Problem:
Please retype the listing exactly as it appears, skipping each picture.

Information supplied:
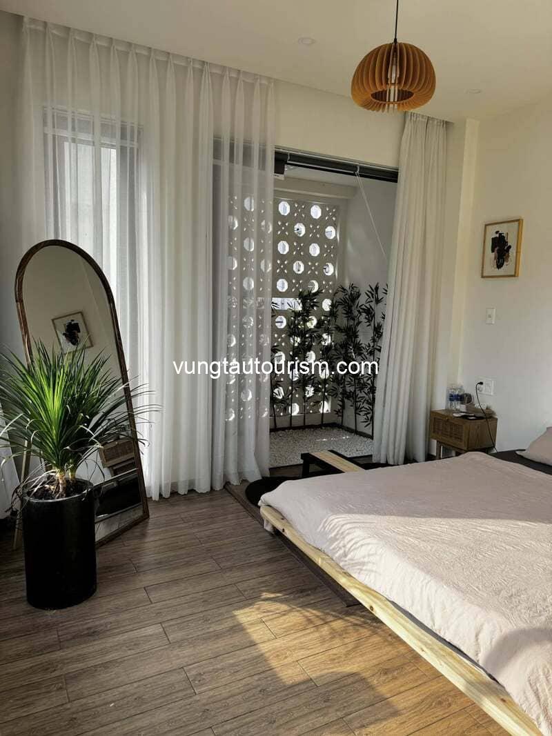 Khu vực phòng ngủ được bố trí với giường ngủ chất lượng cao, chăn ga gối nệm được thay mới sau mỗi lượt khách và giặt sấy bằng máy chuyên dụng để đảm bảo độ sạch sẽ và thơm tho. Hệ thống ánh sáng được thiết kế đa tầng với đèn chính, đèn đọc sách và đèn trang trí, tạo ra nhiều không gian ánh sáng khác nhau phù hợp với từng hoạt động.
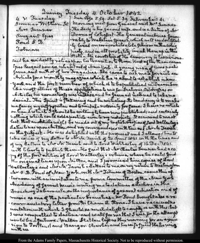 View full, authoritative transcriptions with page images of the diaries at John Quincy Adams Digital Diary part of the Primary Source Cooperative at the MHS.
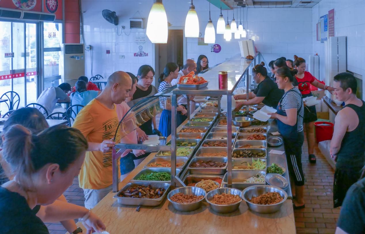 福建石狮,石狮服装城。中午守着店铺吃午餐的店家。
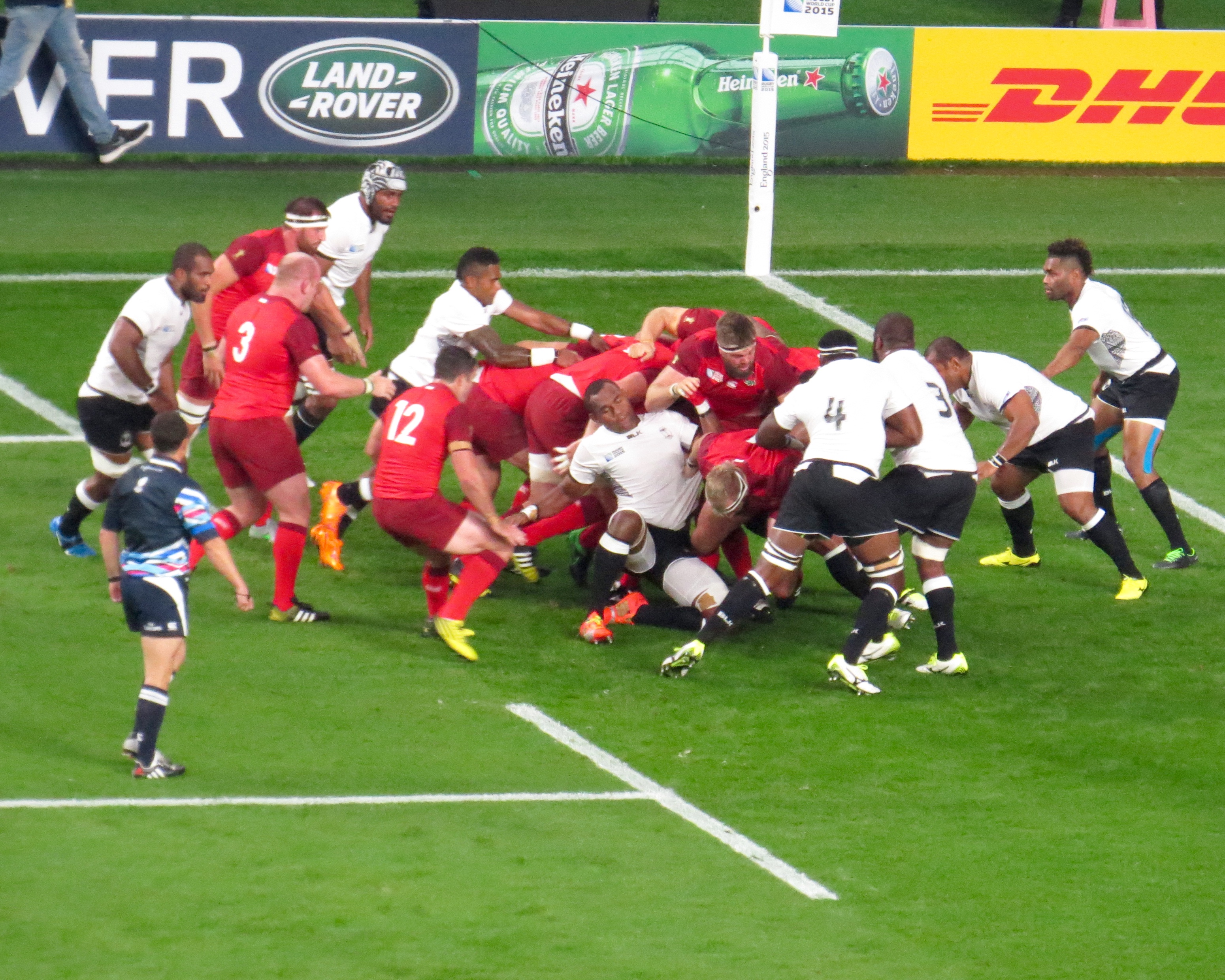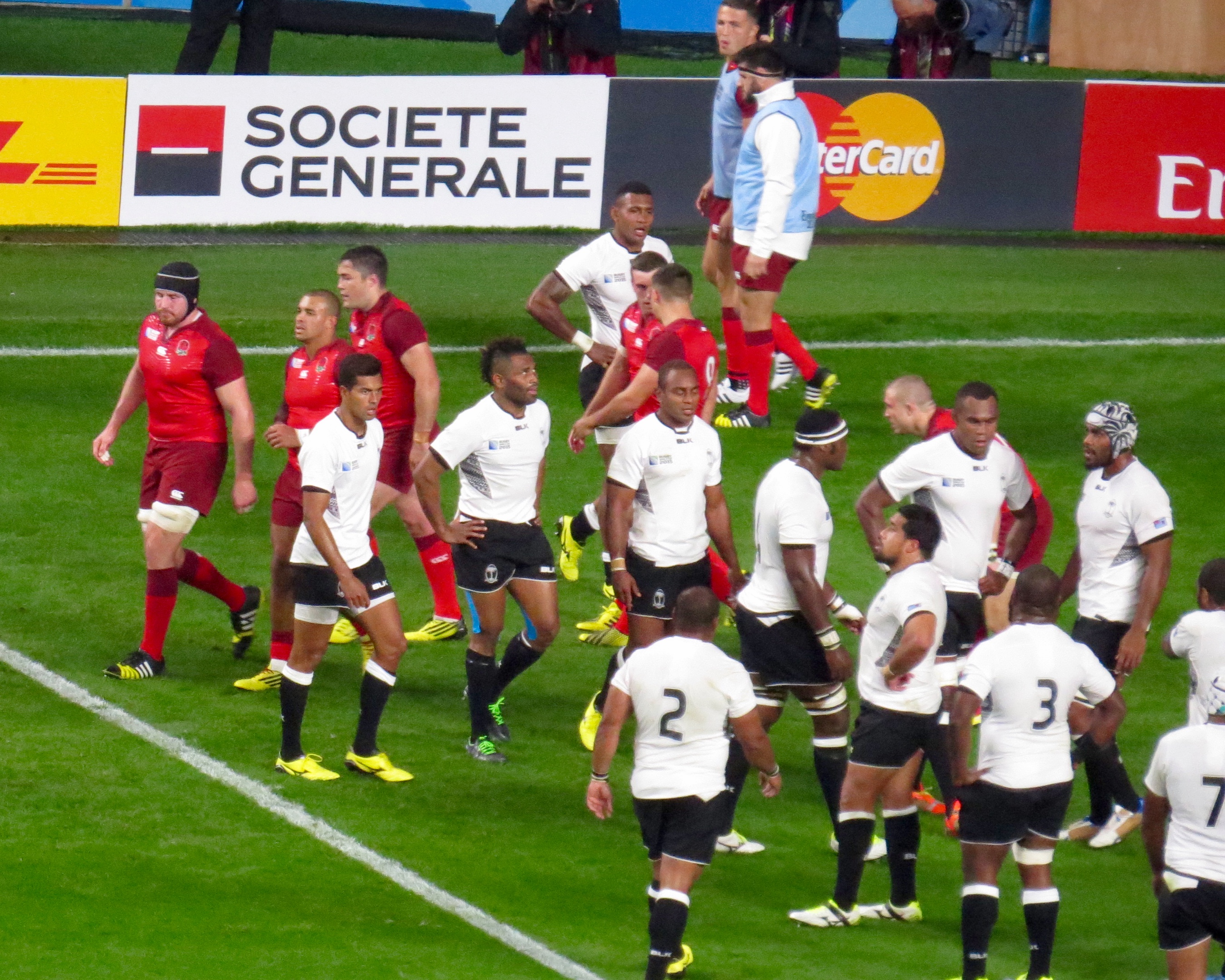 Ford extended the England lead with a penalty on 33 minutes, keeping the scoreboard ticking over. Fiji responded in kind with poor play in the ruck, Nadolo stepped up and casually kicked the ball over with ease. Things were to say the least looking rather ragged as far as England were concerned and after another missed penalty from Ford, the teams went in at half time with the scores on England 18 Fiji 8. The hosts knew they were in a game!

Response to this task:
 Khu vực phòng ngủ được bố trí với giường ngủ chất lượng cao, chăn ga gối nệm được thay mới sau mỗi lượt khách và giặt sấy bằng máy chuyên dụng để đảm bảo độ sạch sẽ và thơm tho. Hệ thống ánh sáng được thiết kế đa tầng với đèn chính, đèn đọc sách và đèn trang trí, tạo ra nhiều không gian ánh sáng khác nhau phù hợp với từng hoạt động.
 View full, authoritative transcriptions with page images of the diaries at John Quincy Adams Digital Diary part of the Primary Source Cooperative at the MHS.
 福建石狮,石狮服装城。中午守着店铺吃午餐的店家。
 Ford extended the England lead with a penalty on 33 minutes, keeping the scoreboard ticking over. Fiji responded in kind with poor play in the ruck, Nadolo stepped up and casually kicked the ball over with ease. Things were to say the least looking rather ragged as far as England were concerned and after another missed penalty from Ford, the teams went in at half time with the scores on England 18 Fiji 8. The hosts knew they were in a game!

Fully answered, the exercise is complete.